How, then, do I determine when the players ought to level up? Well, I take as my baseline the line from 3.5e's Dungeon Master's Guide (page 41, Behind the Curtain: Experience Points sidebar) that experience "is based on the concept that 13.33 encounters of an EL equal to the player characters' level allow them to gain a level". So if I'm stripping out XP, I can just go straight back to that baseline. (I don't know what Pathfinder's experience guidelines are based on, especially because there's three different experience tracks to muddy the issue, is why I go back to 3.5.) To wit: players should level up once every 13.33 encounters.

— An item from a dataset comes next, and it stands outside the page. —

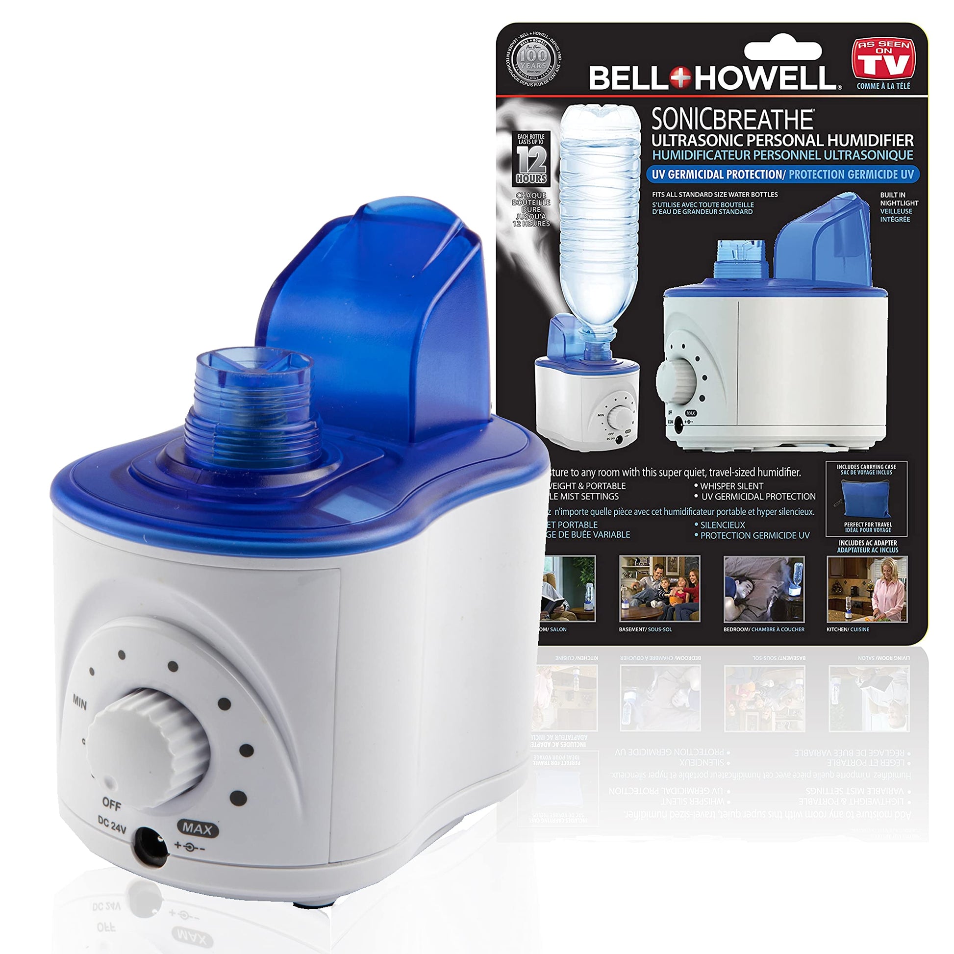 - Ultrasonic Portable Humidifier: The Bell+Howell portable humidifier provides instant humidity without any of the noise and headache in your office, bedroom, or car. The portable humidifier helps prevent any congestion, sore throat, bloody noses, inflamed sinuses, and hacking coughs caused from dry air!

Except I round up to 14, which more readily divides in two. It's become my habit to prepare 7 encounters at a time, which the party generally gets through in one or two sessions, leading them to level up once every 2 or 3 sessions. You can, of course, use a higher or lower number than 14 if you want your players to level up more or less frequently.

You can get fancy -- a particularly easy encounter counts as 1/2 an encounter, a particularly difficult encounter as two. You can choose to count encounters that the party bypasses entirely, or not count them, or count them as half. What matters is you pick an "every X encounters, the party levels up" and then mostly give them encounters appropriate to their level.